Today was one of those days that I was really struck with why I love kinders so much. I tell people all the time that it's a really great age and I can't really imagine teaching anywhere else. Sure, the beginning of the year is difficult when they can't wipe their noses or butts and aren't really sure how to line up, push their chairs in, or go through the cafeteria line. But I do love to see the change and progression from the beginning until the end of kindergarten. They learn so much, not only academically, but about who they are and how to relate to others. It's just a really neat process to watch.

But the other reason I love kinders is because of their suspension of disbelief. When I was in college and doing a lot of theatre we talked about that concept a lot and how important it was as directors and actors to create a situation where the audience was willing to suspend their disbelief of the stage and believe fully in the action happening there. But kindergartners are so ready to suspend their disbelief and they will do it with such great abandon that it delights me.

We began our St. Patrick's Day unit today. I always start this unit by talking a little bit about leprechauns and what they do and what they're like. But then, when the kids go to PE or a special, leprechauns will come and visit our classroom. They play in centers, read books, leave little green footprints on the floor, and make a general disaster of our room. They also leave a note for the kids. When we all get back to the room the children are outraged ("What?! WE have to clean up THEIR mess?!") and enthused and curious and just so alive!! So we clean up the room, talk about what clues they left behind and then as a whole class write the leprechauns back. Thus begins the week-long pen pal relationship.

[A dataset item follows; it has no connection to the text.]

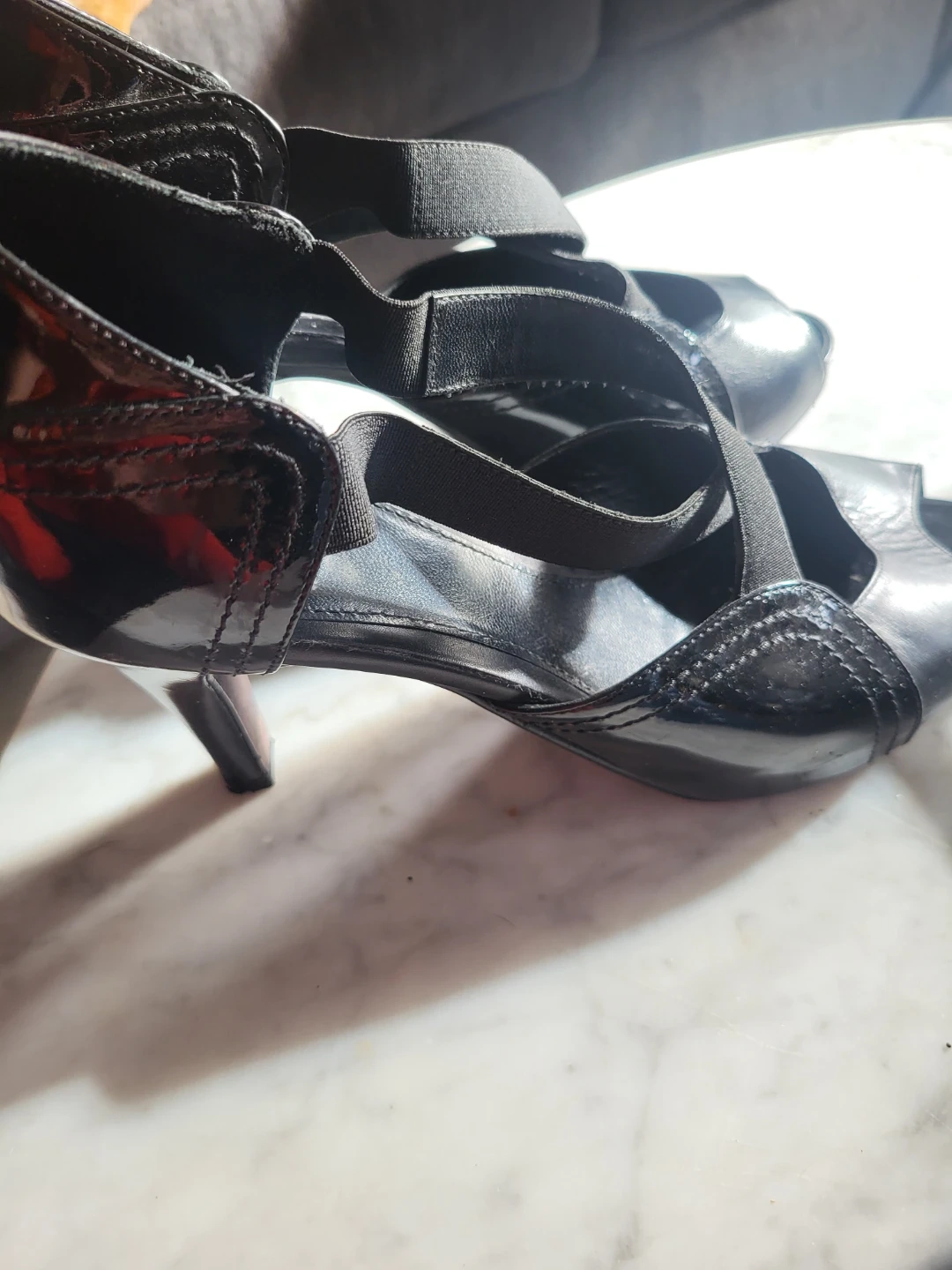 These stylish black peep toe heels are from Dana Davis. Made in Italy, they are a size 10 and feature a comfortable elastic strap design. They've got a sleek patent and leather finish.

I just love how thoroughly the kids buy in to it all. Suddenly, what was once a messy desk is the work of Paddy. What used to be a missing pencil is all blamed on Looie. And on the way to playground I heard them all discussing the tiny boot footprints they could clearly see in the mud. Everything they view is suddenly through this new lens and go all out with it. What if we all trusted so completely in a suggestion?

Some may say it's just innocence or naivite. But I'm inclined to think that this suspension of disbelief is more than that. I think it's a gift, and a fleeting one at that.